Both sausage and goat cheese are low in trans fat - sausage has 0.1g of trans fat per 100 grams and goat cheese does not contain significant amounts.
Goat cheese and sausage contain similar amounts of cholesterol - goat cheese has 79mg of cholesterol per 100 grams and sausage has 81mg of cholesterol.
Goat cheese is an excellent source of Vitamin A and it has 39 times more Vitamin A than sausage - goat cheese has 407ug of Vitamin A per 100 grams and sausage has 10ug of Vitamin A.
Sausage has 86% more Vitamin D than goat cheese - goat cheese has 22iu of Vitamin D per 100 grams and sausage has 41iu of Vitamin D.

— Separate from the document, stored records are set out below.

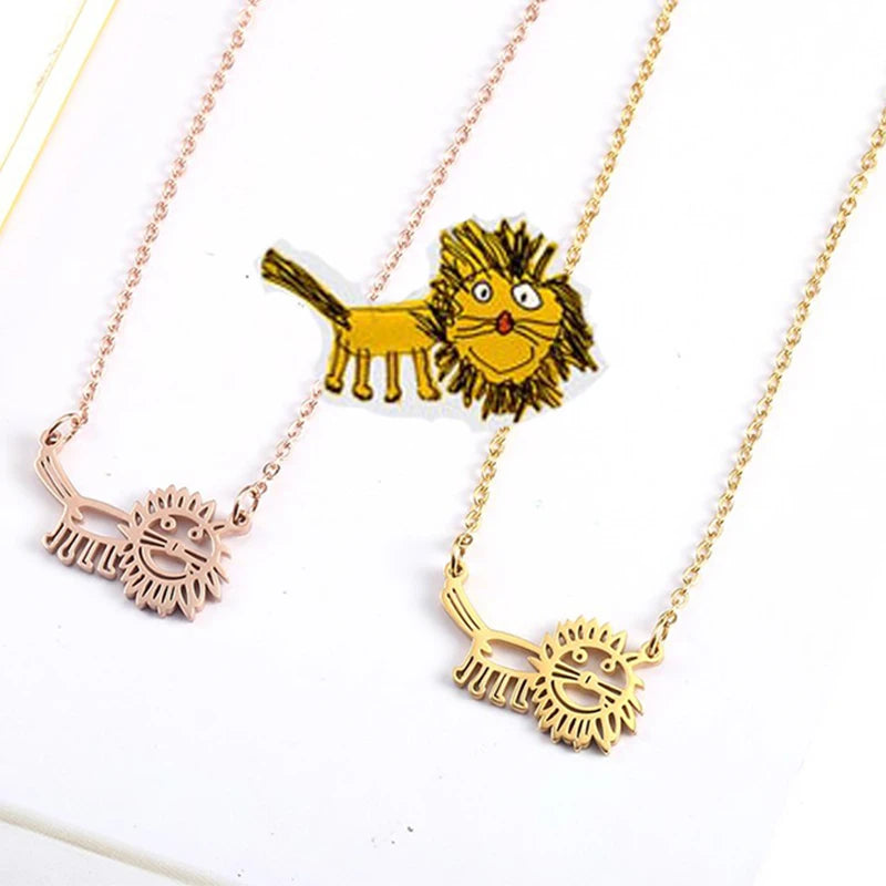 Description:Capture your child's creativity with this personalized stainless steel name necklace featuring their own drawing as a unique gift.Features: Customized with your child's artwork for a special touch Made from high-quality stainless steel for durability Unique and thoughtful gift for parents, grandparents, or friends Perfect way to preserve and showcase...
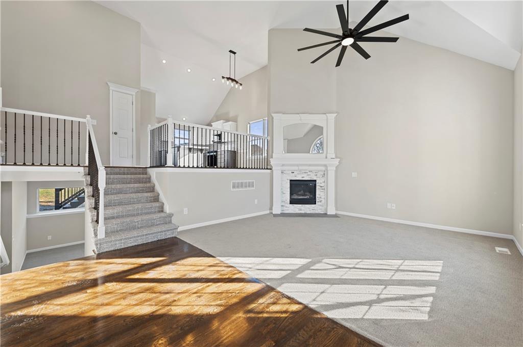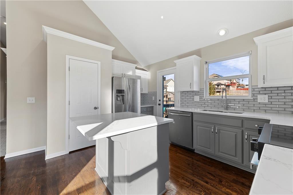 Happy New Year! Minutes from Proposed Chiefs move to Kansas City-KANSAS! Stunning top to Bottom Remodel; Full Farm House Contemporary Pallet. All New floor coverings, completely remodeled kitchen with solid surface counters, new mirrored title backsplash, new appliances, new sink, new disposal, freshly enameled kitchen cabinets, All new light fixtures throughout, refinished hardwood floors, top-to-bottom remodeled Master Bath, Glass walk-in shower, marble tile, granite tops, tile floors. Freshly painted interior and Exterior, and Stacked Marble Hearthroom. Home is an Entertainer's Dream, with a completely open concept. Home offers soaring ceilings even for a F/B Split/California Split, offering ceiling heights of 10 or 12ft even in hallways. 2-bedrooms on Kitchen Level, separated by bath with fresh tile, tile surround, and Laundry Room. Floorplan offers a 3rd Floor Master/Primary Bedroom with complete Privacy, Vaulted Ceiling, sitting bump out, and huge windows. Master/Primary Bath offers dual sinks, a free-standing tub, glass walkin shower, and an enormous closet. Home offers a 4-car garage, soaring ceilings (which could accommodate lifts-Perfect for the Car enthusiast). Gorgeous! Premium Location – Conveniently located just minutes from I-435, with easy access to the airport, The Legends, Zona Rosa, Sporting KC, shopping, and fine dining. This home is a rare find, modern, elegant, and move-in ready. Don’t miss the opportunity to own this exceptional property in a sought-after location with great schools! Schedule your private showing today and experience luxury living at its finest!
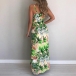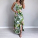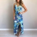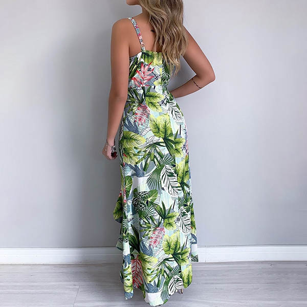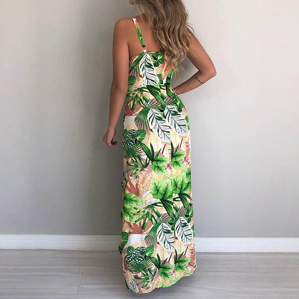 Sexy Backless V-neck Slit Hem Printed Sling Dress
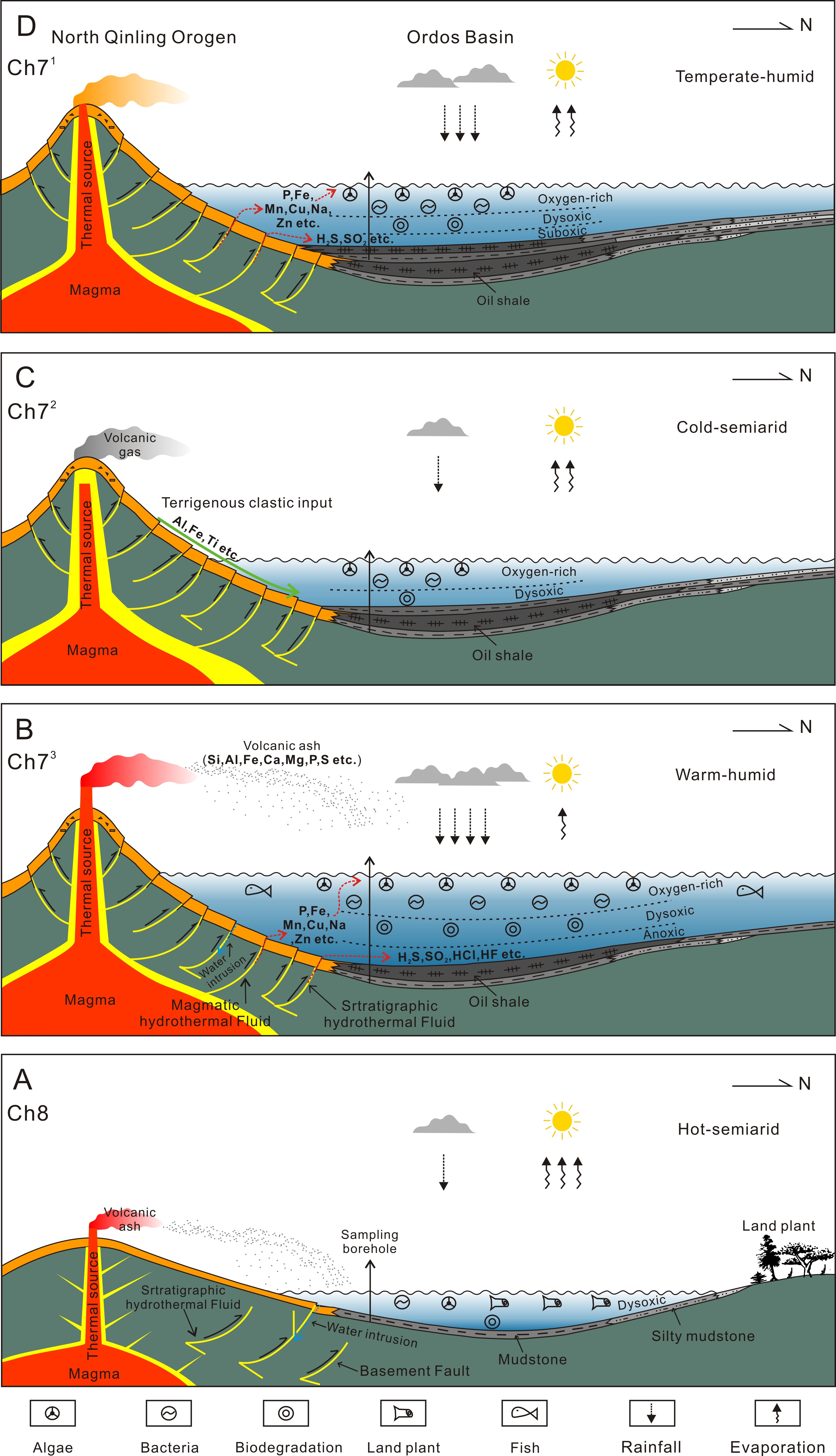地球作为一个庞大而复杂的生态系统,各个因素间都有着不同程度的联系,地质事件代表了其中某个因素的改变,但往往可能导致一系列不同的结果。主要面临火山及热液活动释放的营养元素参与湖泊生态系统循环的过程及对有机质保存条件贡献的大小依然不清楚。古气候暖化促进海平面上升而引发的海侵事件对原有湖泊生态系统中物质循环所造成影响的研究较少。
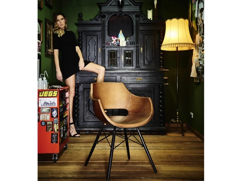 Die Sitzschale ist rundum komplett mit Leder bezogen in Camel Antik matt braun.
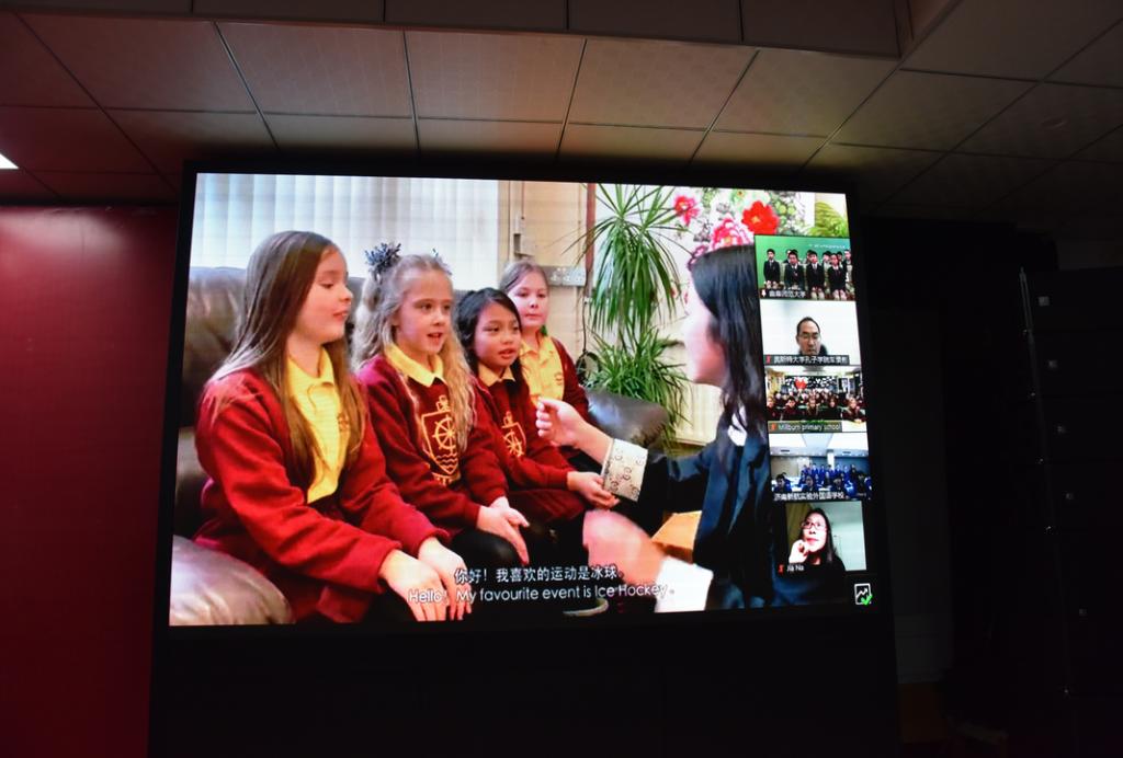 交流开始,首先播放了英国米尔本小学专门录制的祝福视频,《让世界充满爱》的中文合唱饱含着真挚的祝福,让大家倍感温暖。XK在线附小、济南新航外国语学校的校长和班主任带领各自班级同学作了热情的自我介绍,英国米尔本小学校长及同学们送上了热情的祝愿。
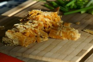 切的差不多大小匀称,烧过的皮子没猪毛,制作好也糯糯的口感

Goat cheese and sausage contain similar amounts of Vitamin E - goat cheese has 0.26mg of Vitamin E per 100 grams and sausage has 0.25mg of Vitamin E.
Goat cheese and sausage contain similar amounts of Vitamin K - goat cheese has 2.5ug of Vitamin K per 100 grams and sausage has 3.4ug of Vitamin K.
Sausage has more thiamin, niacin, pantothenic acid, Vitamin B6 and Vitamin B12, however, goat cheese contains more riboflavin. Both goat cheese and sausage contain significant amounts of folate.
Goat Cheese | Sausage | |
---|---|---|
Thiamin | 0.072 MG | 0.346 MG |
Riboflavin | 0.676 MG | 0.263 MG |
Niacin | 1.148 MG | 6.279 MG |
Pantothenic acid | 0.19 MG | 0.838 MG |
Vitamin B6 | 0.06 MG | 0.371 MG |
Folate | 2 UG | 4 UG |
Vitamin B12 | 0.22 UG | 0.9 UG |
Goat cheese is an excellent source of calcium and it has 21 times more calcium than sausage - goat cheese has 298mg of calcium per 100 grams and sausage has 13mg of calcium.
Goat cheese and sausage contain similar amounts of iron - goat cheese has 1.6mg of iron per 100 grams and sausage has 1.3mg of iron.
Sausage is an excellent source of potassium and it has 115% more potassium than goat cheese - goat cheese has 158mg of potassium per 100 grams and sausage has 339mg of potassium.
Comparing omega-6 fatty acids, sausage has more linoleic acid than goat cheese per 100 grams.
Goat Cheese | Sausage | |
---|---|---|
linoleic acid | 0.709 G | 4.267 G |
other omega 6 | ~ | 0.035 G |
Total | 0.709 G | 4.302 G |
The comparison below is by common portions, e.g. cups, packages. You can also see a more concrete comparison by weight at equal weight (by grams) comparison.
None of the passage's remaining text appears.